If you really want a flush poke 'er a bit harder.

 

[DevilsAdvocate]

I assume we are using a standard 52 card deck. Each player is dealt two cards, and four cards are laid on the table. The players then make a five-card hand out the six cards (the two the player holds and the four on the table).

Question: given that there are two players who each hold two aces, what are the chances at least one player will be able to make a flush hand?

Answer: 11/47 * 10/46 * 9/45 = 1.0175%

Hold on. Nevermind. I see now there are five cards on the table.

 

[Kevin_Lowe]

I skimmed the maths but unless I missed something important the chance of someone getting a flush is four times what you guys have settled on, since four cards of any one suit being dealt would have led to someone getting a flush in this case.

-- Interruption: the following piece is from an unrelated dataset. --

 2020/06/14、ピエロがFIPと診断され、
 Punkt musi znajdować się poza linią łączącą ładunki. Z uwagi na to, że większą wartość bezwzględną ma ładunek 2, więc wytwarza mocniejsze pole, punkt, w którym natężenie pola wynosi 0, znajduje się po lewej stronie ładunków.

So there was about a 16% chance that the math-illiterate friend would be "proven right". That is about the same as the chance of predicting that a dice will roll a 6 and being "proven right", which is to say that it's not an extraordinary event at all.

 

[fromdownunder]

While somewhat off topic, a couple of years ago I got a royal flush on the flop playing no limit holdem. I was dealt Q J of Hearts, and A K 10 of Hearts came on the flop. Another heart actually came on the river. I slow played it (naturally) and two others stayed in the hand (one of whom also finished up with a heart flush). It finished up a nice little pot.

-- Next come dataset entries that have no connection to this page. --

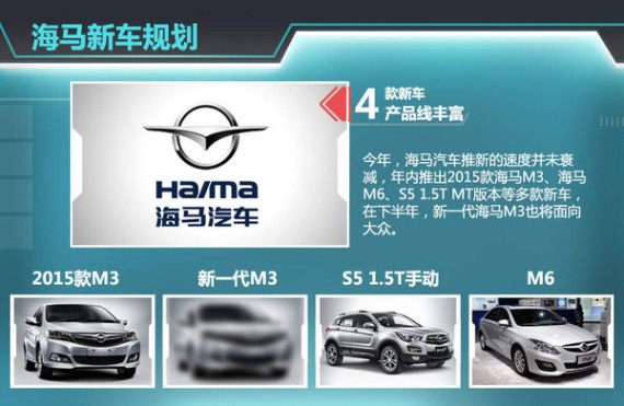 进入海马2.0时代后,其车型产品线不断丰富,于去年北京国际车展上推出新一代福美来M5、海马M3、海马M8、海马S7多款车型。今年,海马汽车推新的速度并未衰减,年内推出2015款海马M3、海马M6、S5 1.5T MT版本等多款新车,在下半年,新一代海马M3也将面向大众。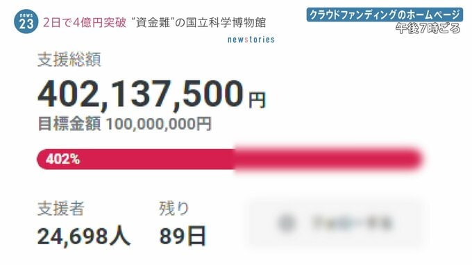 東京・上野の国立科学博物館のクラウドファンディングが4億円を突破しました。国立科学博物館はきのうから、光熱費の高騰や入館者数の減少などによる資金難を解消するため、インターネットで1億円を目標にしたクラ…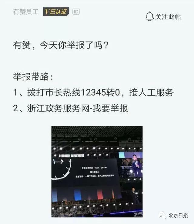 網傳杭州電商公司有贊近日舉行的年會上,公司高層突然宣布將實行“996上班制”,消息在網絡上傳播后引發廣泛關注。“年會開成了鴻門宴”,有自媒體發布消息和截圖稱,有自稱贊員工的網友表示,已經撥打市長熱線舉報。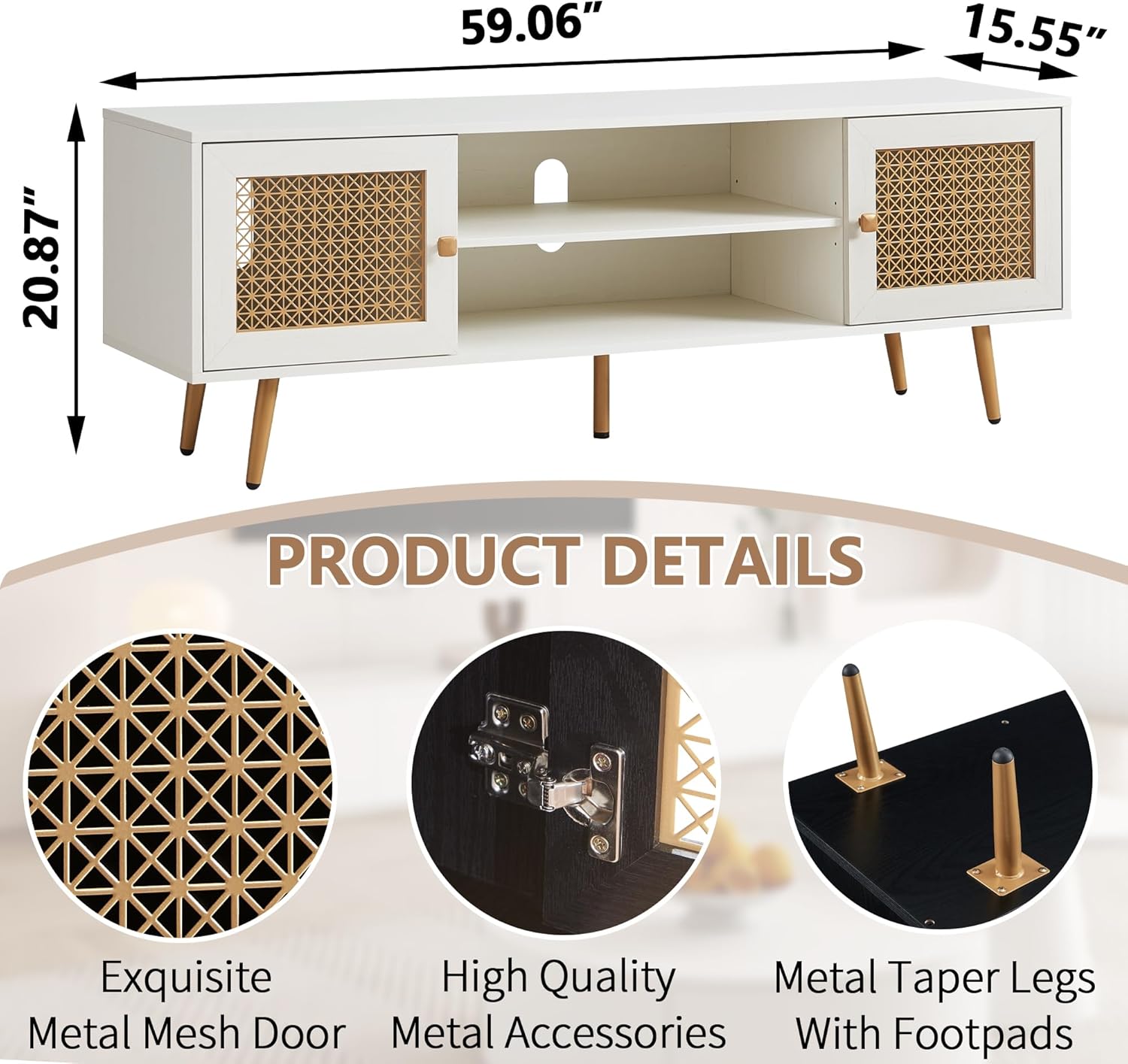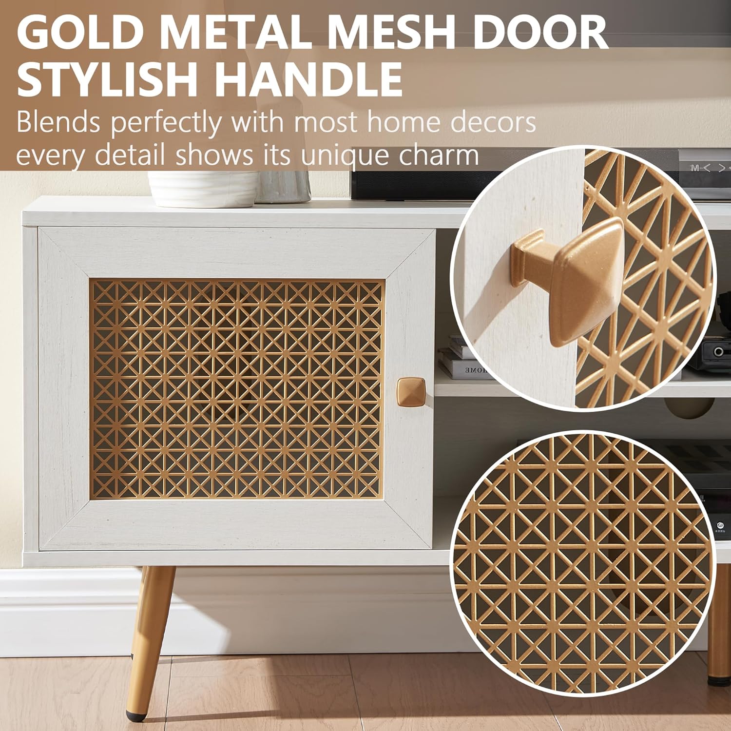 - Mid Century Design: This TV cabinet features a mid-century aesthetic with an retro wooden exterior and gold metal mesh doors decorated.Available in three colors: Rustic Oak, Black and Antique White,you can exactly choose the one as you like.Every detail was fit in well with most home decors with it unique charm

Just wondering if one of the more mathematically inclined members here could give me the odds of that one, assuming a normal deck and no cheating (I was not the dealer, and I did not know her outside of tournament poker). I imagine that the odds would be rather high.

Norm

 

[ddt]

I skimmed the maths but unless I missed something important the chance of someone getting a flush is four times what you guys have settled on, since four cards of any one suit being dealt would have led to someone getting a flush in this case.

You did not only skim the math but also the explanation of what was calculated - that is namely exactly as you describe, the chance of four of one (arbitrary) suit turning up on the table.